Let the prime factorizations of a, b, c be as follows:
\(p_1^{a_1}...p_k^{a_k}\)
\(p_1^{b_1}...p_k^{b_k}\)
\(p_1^{c_1}...p_k^{c_k}\)

Note that when we write it in this form some of the exponents might be zero since not all the primes have to be factors. But also note that at least one of \(a_i , b_i , c_i \) is non-zero because otherwise we wouldn't consider that prime at all.

Now, note that \((a,b) = p_1^{min(a_1,b_1)}...p_k^{min(a_k,b_k)}\) and \((a,b,c) = p_1^{min(a_1,b_1,c_1)}...p_k^{min(a_k,b_k.c_k)}\)

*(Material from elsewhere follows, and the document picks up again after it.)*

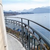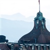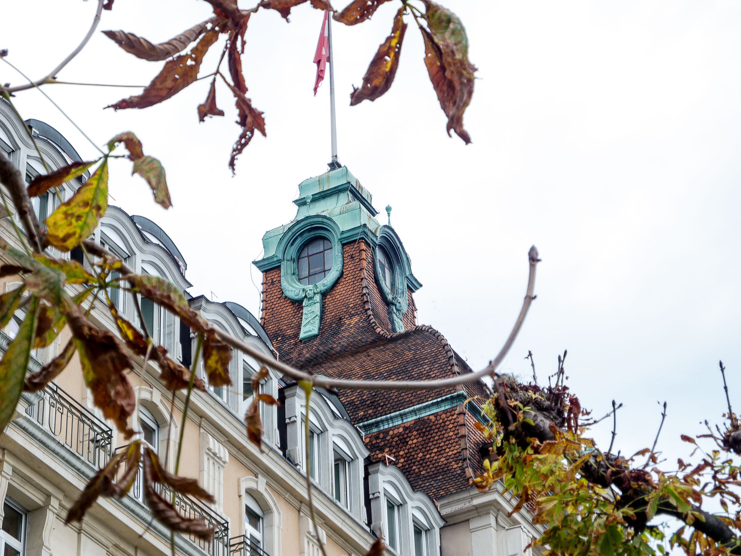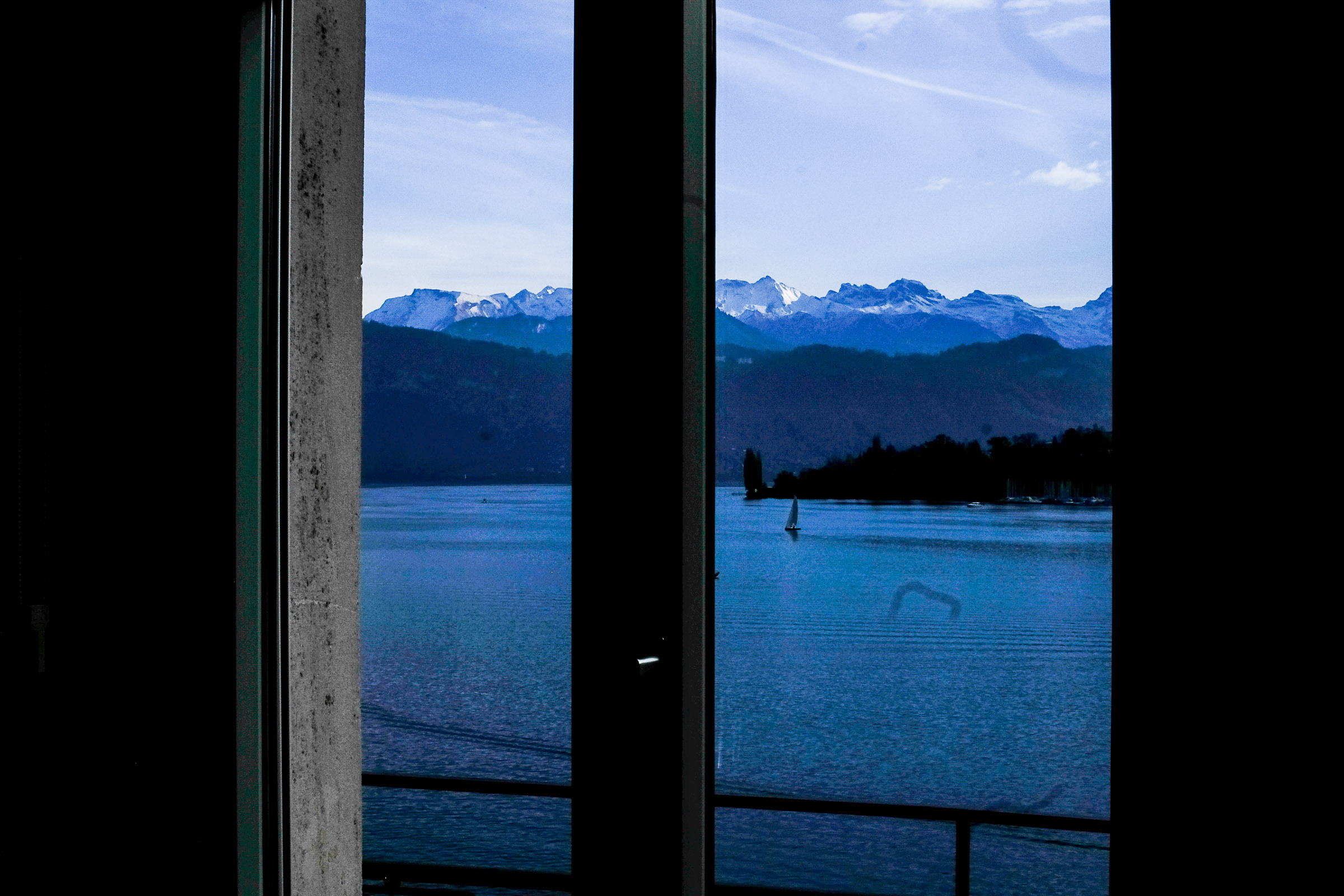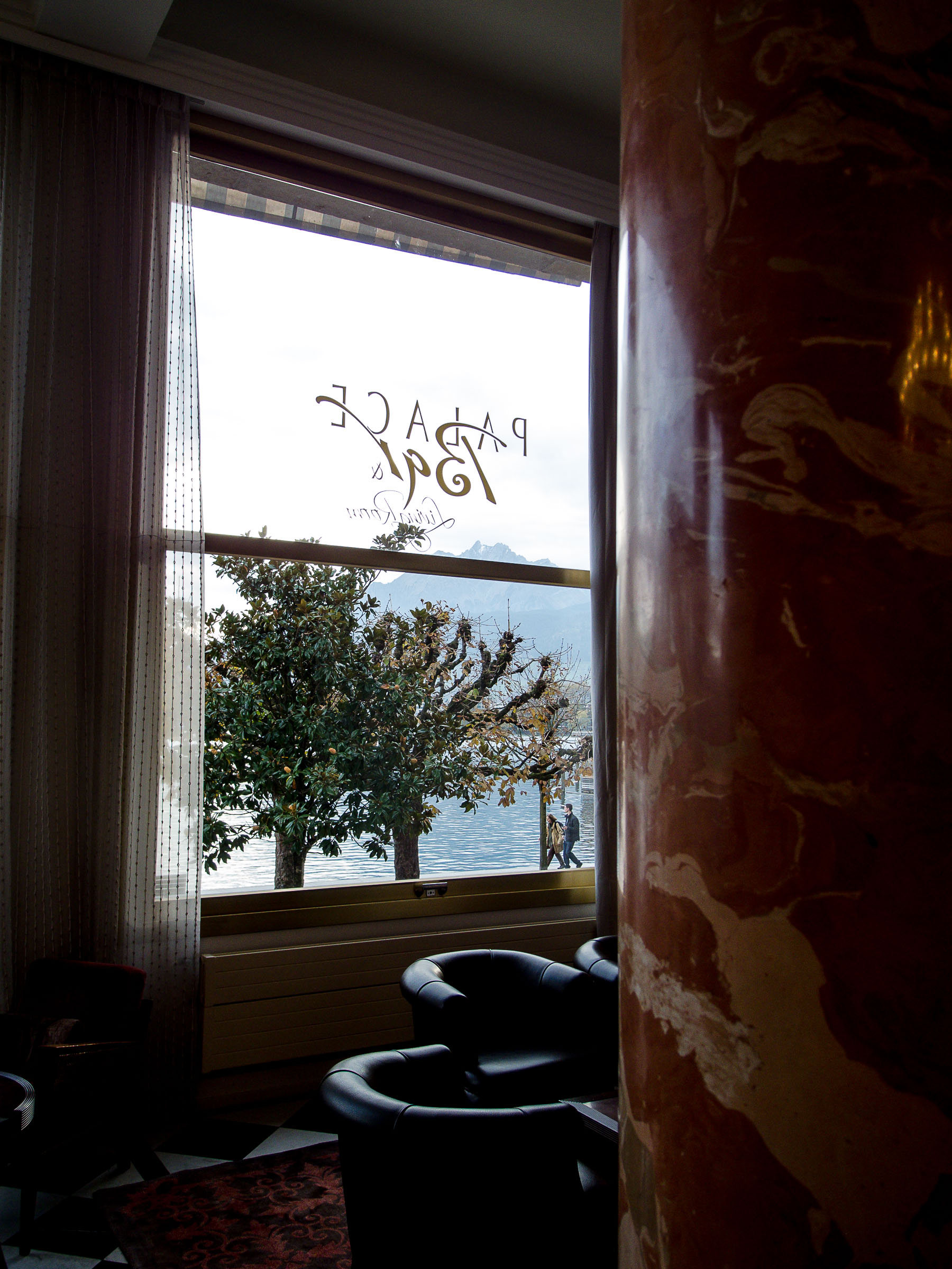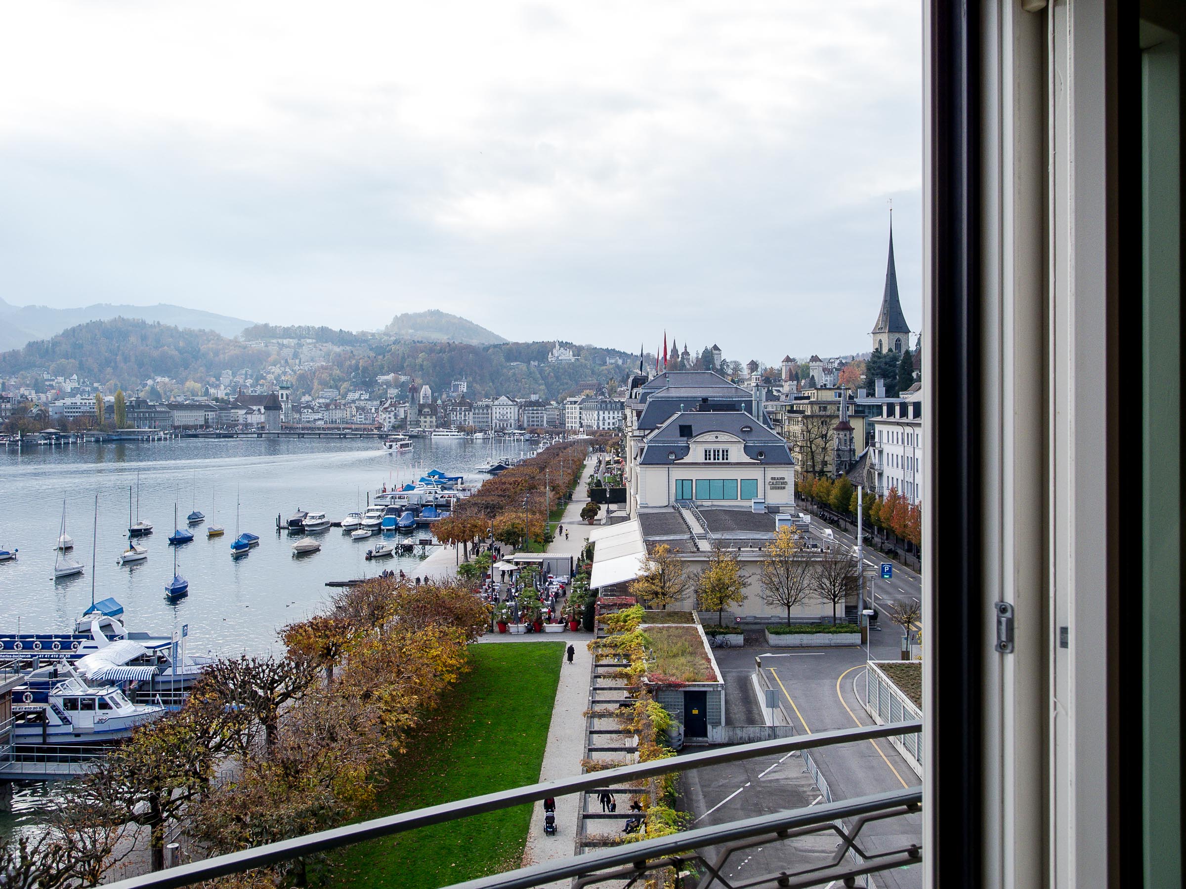 Der Blick schweift an den beiden Damen vorbei über den See und dem KKL Richtung Pilatus, der sich in ein herbstliches Nebelkleid hüllt. Die Aussicht von hier oben ist schon exzellent. Die Gäste im Spa können durch die Fensterfront einen Blick erhaschen. Die Schneeberge sehen in der langsam niedergleitenden Sonne wie Zuckerberge aus. Auf dem Dach der Seebadi stehen die Sonnenschirmständer aufgeräumt und warten tunlichst auf den nächsten Sommereinsatz.

Similarly \( [a,b] = p_1^{max(a_1,b_1)}...p_k^{max(a_k,b_k)}\) and \([a,b,c] = p_1^{max(a_1,b_1,c_1)}...p_k^{max(a_k,b_k.c_k)}\)

Using these, the equality can be reduced to
\( 2min(a_i,b_i,c_i) - min(a_i,b_i) - min(b_i,c_i) - min(c_i,a_i)\)
\( = 2max(a_i,b_i,c_i) - max(a_i,b_i) - max(b_i,c_i) - max(c_i,a_i)\) for each i

That in turn can be reduced to
\(max(a_i,b_i) - min(a_i,b_i) + max(b_i,c_i) - min(b_i,c_i) + max(c_i,a_i) - min(c_i,a_i) \)
\(= 2[max(a_i,b_i,c_i) - min(a_i,b_i,c_i)]\)

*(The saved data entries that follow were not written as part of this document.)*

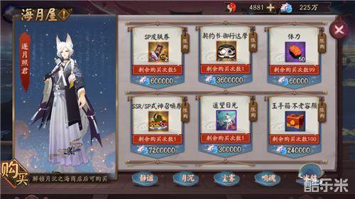 10月28日维护后-11月10日23:59,阴阳师们需要解锁每个海域的海月屋才可购买其他海域的商品。使用永生贝可在商店中兑换妖狐皮肤·逐月照君、SSR/SP式神召唤券、御行达摩、神秘的符咒,内含不同奖励的玉手箱、动态头像框“沉没之海”等奖励。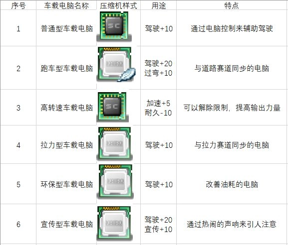 车载摄像头:数据分析的效率有所提升。表面上看它似乎没什么特别的用处,但考虑到游戏里有大量场景都需要用到研究数据,安装了车载摄像头之后,比赛过程中技术点的获取速度会比未安装时更快。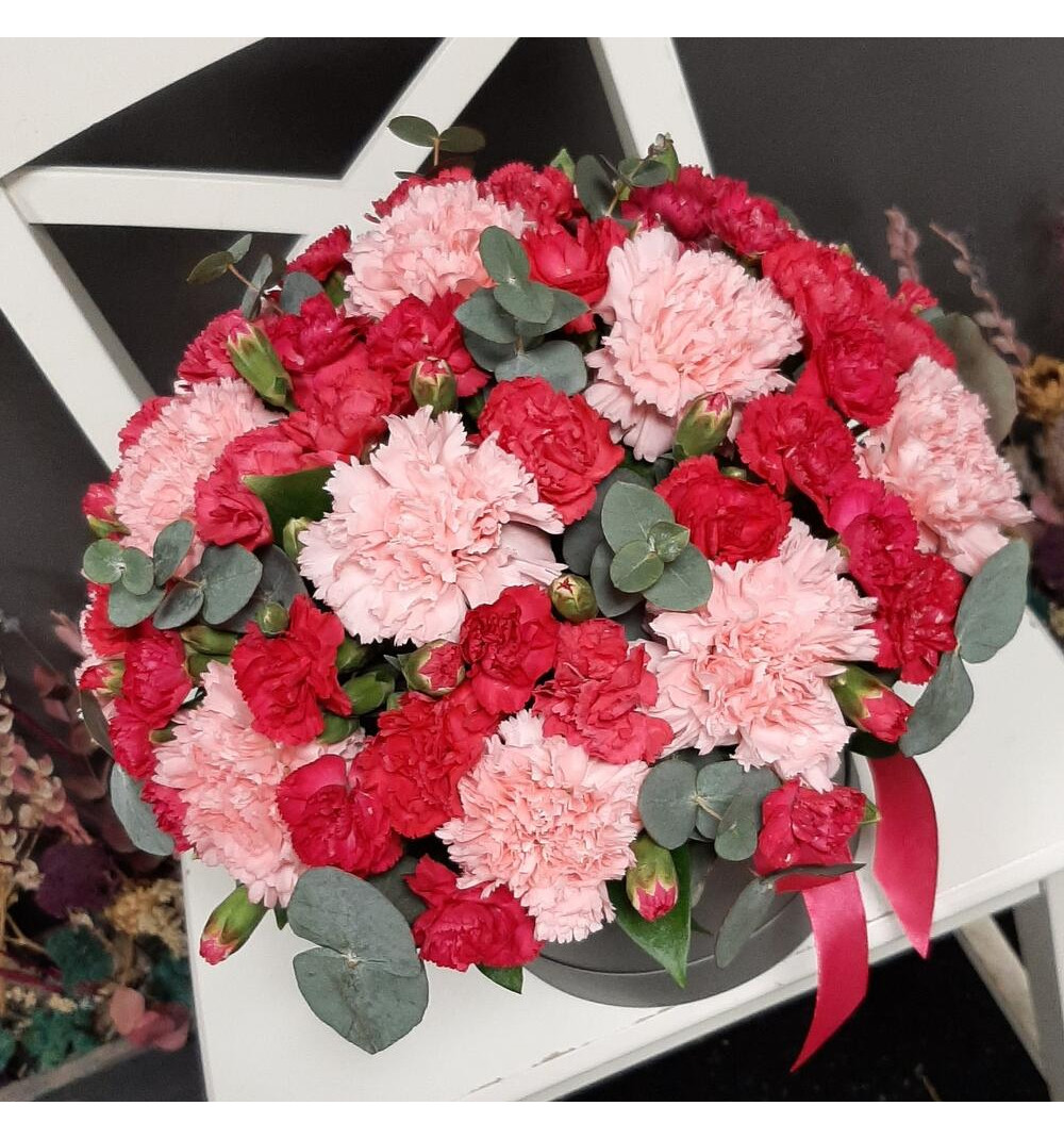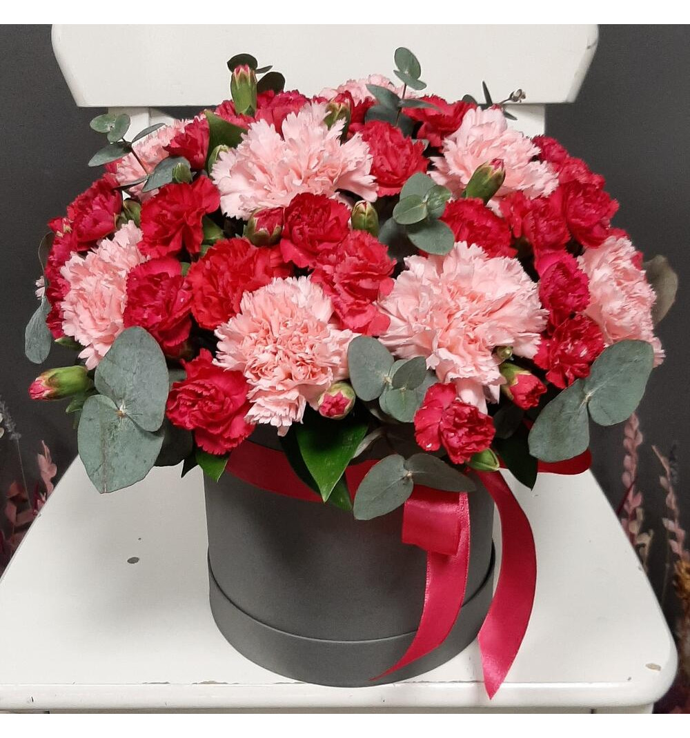 Купить Яркая кустовая и нежно коралловая гвоздика в шляпной коробке в Караганде за 25 000 ₸ | интернет-магазин «Guls»

that is, \( |a_i - b_i| + |b_i-c_i| + |c_i-a_i| = 2[max(a_i,b_i,c_i) - min(a_i,b_i,c_i)]\) which is easily verified

For example, WLOG assume \(c_i\) is the middle one, then,
\(|a_i - b_i| + |b_i-c_i| + |c_i-a_i| = 2|a_i-b_i|\)
[\(c_i\) cancels out since in the sum it occurs twice with opposite signs]

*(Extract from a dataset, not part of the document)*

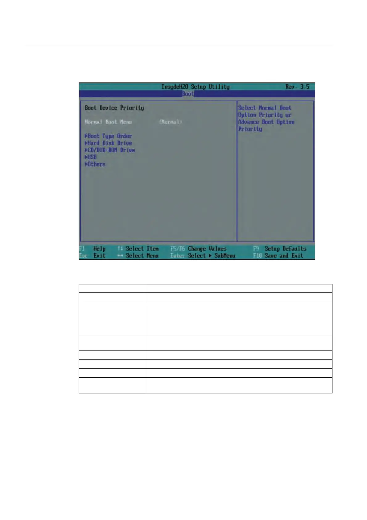 Others Submenu for setting the boot order within the group of Others (for

\(= 2[max(a_i,b_i) - min(a_i,b_i)]\)

\(= 2[max(a_i,b_i,c_i) - min(a_i,b_i,c_i)]\)

Thus for each i, we have
\[ \frac{p_i^{2min(a_i,b_i,c_i)}}{p_i^{min(a_i,b_i)}p_i^{min(b_i,c_i)}p_i^{min(c_i,a_i)}} = \frac{p_i^{2max(a_i,b_i,c_i)}}{p_i^{max(a_i,b_i)}p_i^{max(b_i,c_i)}p_i^{max(c_i,a_i)}}\]
Now multiplying both sides over \(i\) we get the desired equality.

Answer 4

i have reach this and went into a cycle :-\

Answer 5

I do not see how the second part be 1. Pairwise GCD of a,b,c will not be 1 unless they are coprime. 1/LCM is certainly smaller than 1 as LCM>=1 unless a,b,c=1.

Answer 6

that was pointless i'll try something else :)